ケアプランの作成は「居宅介護支援事業所」に所属するケアマネージャーが担当します。本人やご家族の希望・生活状況を踏まえたケアプランが完成したら、各介護サービス事業者と契約し、訪問介護やデイサービス、福祉用具レンタルなどの利用が可能です。
パーキンソン病の場合、身体機能の変化が段階的に進むため、症状や生活状況に応じて定期的にケアプランを見直しましょう。

介護認定調査のポイント

状態に合った要介護認定を受けるために、認定調査員との面談は重要なポイントです。パーキンソン病特有の状態の変動や、見た目ではわかりにくい症状があることで、本来の状態とは違う調査結果にもなりかねません。ここでは、介護認定調査時にご家族が情報提供する際のポイントを紹介します。

パーキンソン病特有の状態の変動を上手に伝える

介護認定調査の際は、「できること」だけでなく、「手助けがあればできる」「日によってできないこともある」という実態を具体的に伝える必要があります。また、パーキンソン病の症状には薬の影響や時間帯による変動があり、その状況を正確に伝えることが重要です。

<認定調査員に伝えるポイント>
・薬を服用した直後(オン時)と、数時間後(オフ時)の、手足のこわばりや動作の違い
・1日のうちで「動ける時間帯」と「ほとんど動けない時間帯」がある
・歩行や着替え、食事、トイレなど、日常生活動作ごとに介助が必要な時間帯がある
・疲労やストレス、気温変化などによって症状が悪化する場合がある

非運動症状(精神症状、認知機能低下など)を正確に伝える

パーキンソン病の症状は、大きく「運動症状」と「非運動症状」に分けることができます。運動症状は動作が遅く・小さくなる、ふるえ、筋肉のこわばり、姿勢が保てないことなどで、非運動症状は便秘、精神症状、認知機能低下などです。
症状によっては、患者さまご本人には自覚がなく、ご家族が気づいている場合があります。怖がらずにご家族に確認して協力を得ることも、上手に伝えるポイントのひとつです。

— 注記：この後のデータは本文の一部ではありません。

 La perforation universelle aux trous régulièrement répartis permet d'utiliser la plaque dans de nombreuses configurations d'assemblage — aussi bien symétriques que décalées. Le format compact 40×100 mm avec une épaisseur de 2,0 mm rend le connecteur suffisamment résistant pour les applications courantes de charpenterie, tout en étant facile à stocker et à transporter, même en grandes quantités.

特に非運動症状は外からは見えにくいため、普段の生活を見ているご家族が正確に伝える必要があります。
非運動症状をより正確に伝えるには、ご家族が日頃の状況を客観的に記録した「介護日誌」を作成し、提示することが有効です。介護日誌に記載しておけば、調査員に日常の状態を正確に伝えることができ、より実態に即した要介護認定につながります。

<介護日誌に記載する主な内容>
・睡眠状態:夜間のトイレ回数やレム睡眠行動障害の有無と頻度
・精神状態:意欲低下や不安が強い時間帯、介護拒否の有無
・認知機能:薬の飲み間違い、日時などの認識低下が見られる具体的なエピソード
・幻覚・妄想:実際には存在しない人や物が見える・聞こえる頻度や時間帯
・感情の変化:急な怒りや涙など、感情の起伏が激しい場面の記録

パーキンソン病で介護認定を受けるには、事前準備が大切

パーキンソン病は、進行の仕方や症状の出方が人によって大きく異なり、介護認定の結果にも差が出やすい疾患です。介護認定調査では、その日の調子だけで判断されないように、日常の状態を正確に伝えるための準備が重要となります。

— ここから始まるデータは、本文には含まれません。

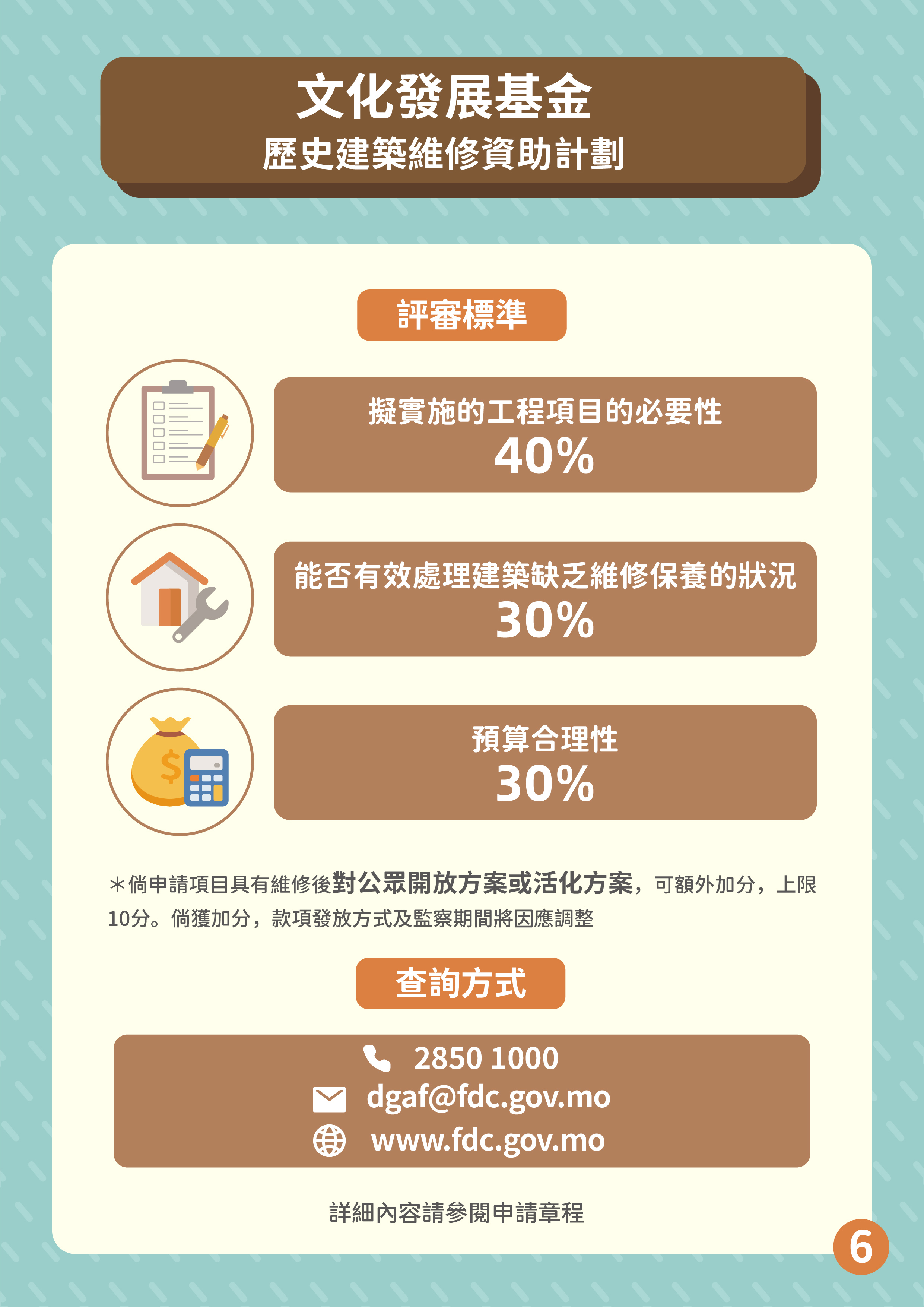 文化發展基金為加強推動歷史建築的保護和活化,推出“歷史建築維修資助計劃”,透過資助提升業權人自主開展定期維修保養的積極性,加強對文物建築和具文化價值建築的保護。

パーキンソン病と向き合いながら安心して生活を続けるためには、制度の仕組みを理解し、早めに準備・相談することが大切です。地域包括支援センター(地域連携支援センター)や医療機関にも積極的に相談し、無理のない介護環境を整えていきましょう。
なお、PDハウスにはパーキンソン病専門スタッフが在籍しており、介護認定申請についてアドバイスいたします。資料請求やご見学は、こちらからお気軽にお問い合わせください。

参考:
介護保険制度について(厚生労働省)
公表されている介護サービスについて(厚生労働省)
介護認定審査会委員テキスト 2009(厚生労働省)
要介護認定等に係る介護認定審査会による審査及び判定の基準等に関する省令(厚生省令第五十八号)
公的介護保険で受けられるサービスの内容は?(公的財団法人生命保険文化センター)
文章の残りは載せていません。